My next fond memory of rhubarb came at about the age of 7 or 8. To earn pocket money I was given a large very sharp knife and told to chop the rhubarb seeds out. So up and down the rows I went battling imaginary armies. Hacking, slashing, down they went row after row. But I was careful not to hurt the young buds or the seed stalks not showing above the leaves, for this was next week's pocket money. "Didn't you do those last week?" my father would say. "YEP sure did, they grow fast don't they?" The knife I used had stamped on the side GREG, STEEL - it must have been the worst designed knife in the world. 50 years later while researching carnivorous plants at Hattah Lakes in a burnt out camp, I found a rusty knife blade. I brought it home cleaned it up, and there on the side was GREG, STEEL. I re-handled it, and now use it every day in my rhubarb business - coincidence?
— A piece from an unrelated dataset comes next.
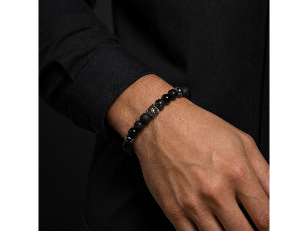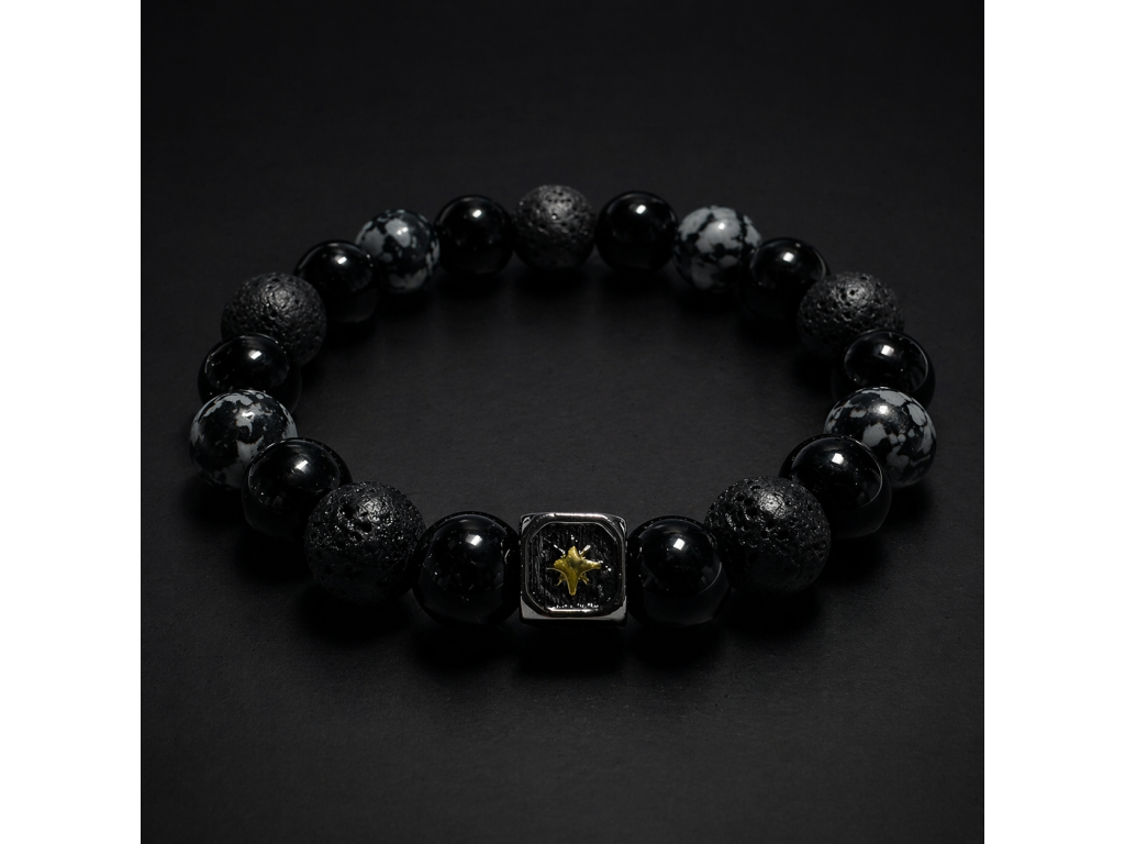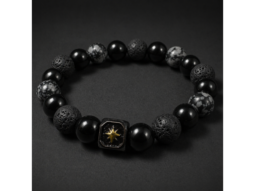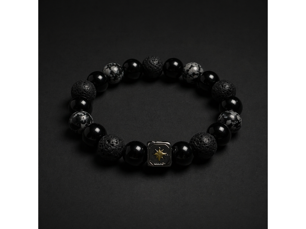 Objevte sílu přírodních kamenů v podobě elegantního pánského náramku, který kombinuje onyx, obsidián a lávový kámen. Tento ručně vyráběný náramek je navržen pro muže, kteří hledají nejen styl, ale i symboliku a kvalitu.

Rhubarb was fertilized then with fowl manure. Fowl manure was scarce, as all the market gardeners needed it. For a plentiful supply of chook manure was the key to a successful rhubarb farm. The way to get it was to clean out commercial chook sheds, or get the farmers to bag it for you. Either way it was a dirty, expensive, heavy, never ending job. My father Rex had, over the years, befriended some poultry farmers in the Melton, Rockbank area. So after selling his rhubarb at the old Queen Victoria Market he would head out of town to collect as much as his truck could carry. At about the age of 12 during school holidays I would go to market with him. But on the way home the fun began, for I rearranged the bags of manure to make a fort on the top of the load, and road home on top of the truck.
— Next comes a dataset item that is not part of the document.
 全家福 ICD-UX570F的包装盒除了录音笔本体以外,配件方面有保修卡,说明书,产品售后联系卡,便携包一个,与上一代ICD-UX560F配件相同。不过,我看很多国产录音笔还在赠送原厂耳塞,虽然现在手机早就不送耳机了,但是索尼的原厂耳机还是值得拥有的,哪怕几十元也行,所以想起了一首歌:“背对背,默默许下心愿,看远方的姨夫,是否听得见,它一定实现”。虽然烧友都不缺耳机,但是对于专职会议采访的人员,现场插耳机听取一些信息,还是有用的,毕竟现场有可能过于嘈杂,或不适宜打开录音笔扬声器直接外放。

Just near us in the market were a few other rhubarb growers. One from Wheelers Hill always had bigger, better, redder rhubarb than ours; in fact it was huge. He always sold out first and for a better price. He wouldn't sell or swap any of his plants, a real sore point, as we did him lots of favours over the years, such as towing his broken down truck home, and selling his load when he took sick at the market. Suddenly he stopped coming to market and Dad decided to visit him to see what was wrong. Well in just a few short weeks the farm was gone - house, sheds, everything. It had been subdivided for housing, bulldozed flat, top soil sold, no trace of any rhubarb remained and never heard from him again. Dad was very hurt as he never even said goodbye after probably an acquaintance spanning 20 years.
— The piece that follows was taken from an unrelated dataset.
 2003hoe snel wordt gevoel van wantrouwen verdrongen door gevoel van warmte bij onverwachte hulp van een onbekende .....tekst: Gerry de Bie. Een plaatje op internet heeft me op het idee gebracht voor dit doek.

Dad grew a winter rhubarb - green as grass in the summer, but as the winter progressed it turned red. "Barbed Wire" was its name. The Army ordered it by the 100's of sack bags full. It was sold by weight at a very low fixed price set by the Government to avoid war time profiteering. Well my job was to hold the bags open while Dad shovelled in sand to bring the weight up. 5 shovelfuls seemed about right. Dad wasn't allowed to go to war but had to feed the army cheaply. They confiscated his very old truck for the war effort. No truck, no petrol, just an old Nash car with running boards. The local engineers converted it to run on plentiful Kerosene. Struggle, struggle, our shipments were impossible, as we had no transport to deliver the rhubarb or get chook manure. Our shipments got less and less, tiny in fact, and the army yelled for more. One day the army rang up - get down to the docks there's a free brand new 5 ton army truck for you. Just paint over the khaki so it doesn't look like it came from the army - we need more rhubarb. Life was sweet once more. But things changed. Gradually rhubarb sales slowed down, and by the time I left school it was very slow. I modernized the farm. Tractors, dams, pumps, fixed sprinklers, and more modern crops catering for the influx of immigrants, Italians, Greeks, Maltese. Mediterranean crops were the way to go, rhubarb was too slow for this new fast way of life. Girls, fast cars, race boats were all money demanding. So I ploughed all the rhubarb up, Dad was a bit quiet for a day or so - don't know why. I never grew another stick of rhubarb for 50 years. Started again in 2008 but that's another story!